## TASK GOAL
Reproduce only this range: the line holding "Proces Verbal de" through the last line of the data below, both included, exactly, with no pictures.

═══ EXCERPTED DATA

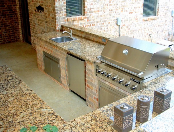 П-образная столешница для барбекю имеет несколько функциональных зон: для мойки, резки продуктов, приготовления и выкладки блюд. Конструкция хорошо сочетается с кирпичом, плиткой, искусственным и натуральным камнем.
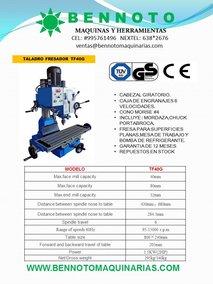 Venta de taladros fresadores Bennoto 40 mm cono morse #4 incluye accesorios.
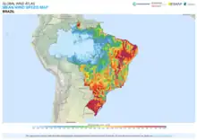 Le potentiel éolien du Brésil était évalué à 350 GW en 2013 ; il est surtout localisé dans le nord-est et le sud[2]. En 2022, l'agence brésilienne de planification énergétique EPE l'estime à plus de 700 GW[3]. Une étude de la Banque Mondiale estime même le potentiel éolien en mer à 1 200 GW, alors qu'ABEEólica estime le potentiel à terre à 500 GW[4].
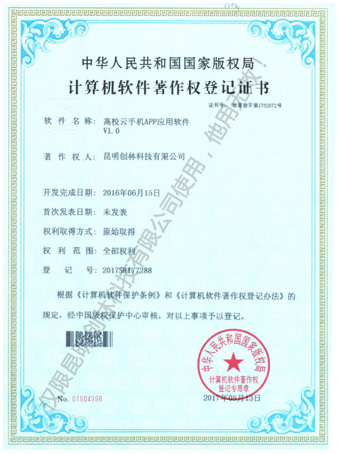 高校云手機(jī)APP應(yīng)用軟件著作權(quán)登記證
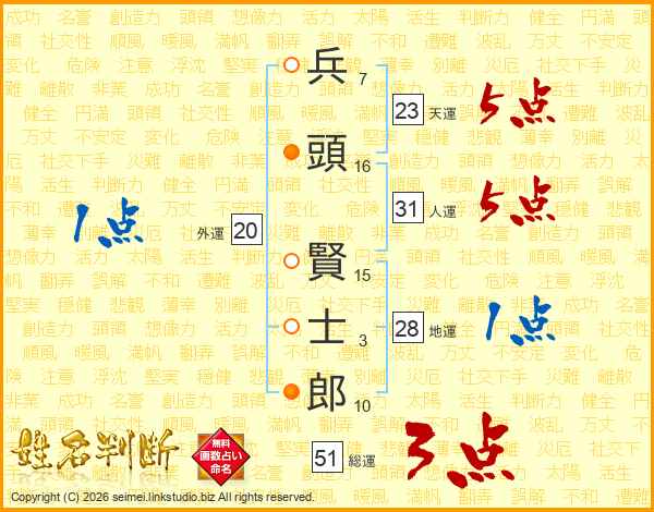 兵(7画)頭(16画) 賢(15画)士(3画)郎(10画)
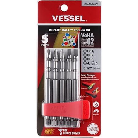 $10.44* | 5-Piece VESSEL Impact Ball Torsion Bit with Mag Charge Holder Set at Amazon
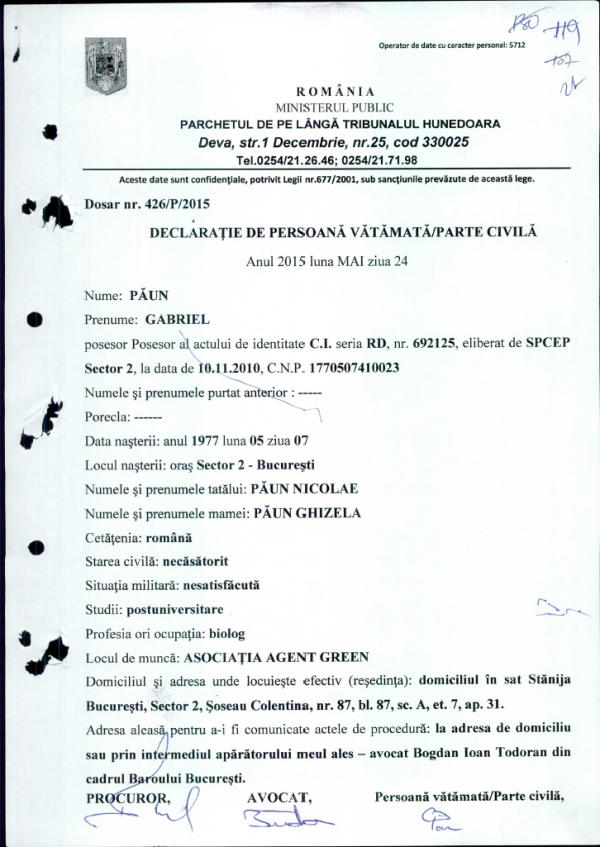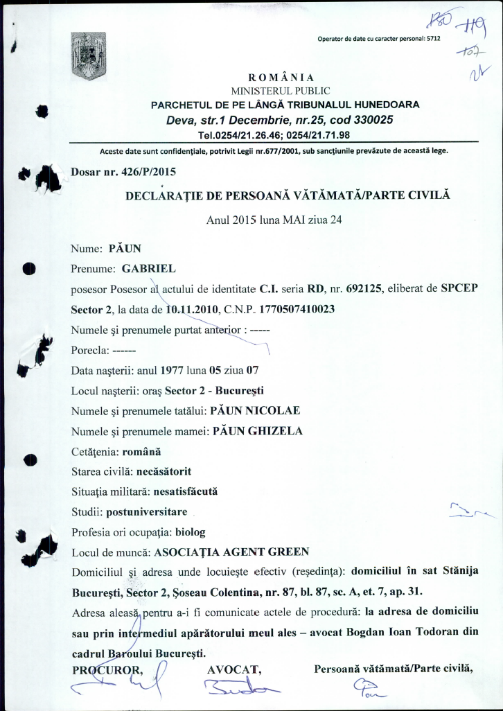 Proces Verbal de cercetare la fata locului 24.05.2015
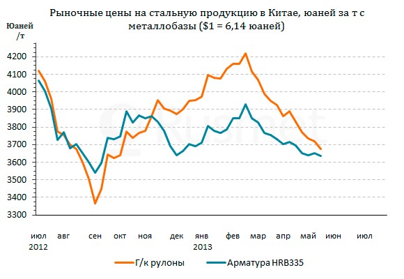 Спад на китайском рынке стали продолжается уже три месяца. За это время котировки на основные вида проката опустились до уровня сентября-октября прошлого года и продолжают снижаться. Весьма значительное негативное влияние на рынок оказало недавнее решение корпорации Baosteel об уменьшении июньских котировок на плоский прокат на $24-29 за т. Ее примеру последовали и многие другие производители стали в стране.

══════

## ANSWER AREA
 Proces Verbal de cercetare la fata locului 24.05.2015
 Спад на китайском рынке стали продолжается уже три месяца. За это время котировки на основные вида проката опустились до уровня сентября-октября прошлого года и продолжают снижаться. Весьма значительное негативное влияние на рынок оказало недавнее решение корпорации Baosteel об уменьшении июньских котировок на плоский прокат на $24-29 за т. Ее примеру последовали и многие другие производители стали в стране.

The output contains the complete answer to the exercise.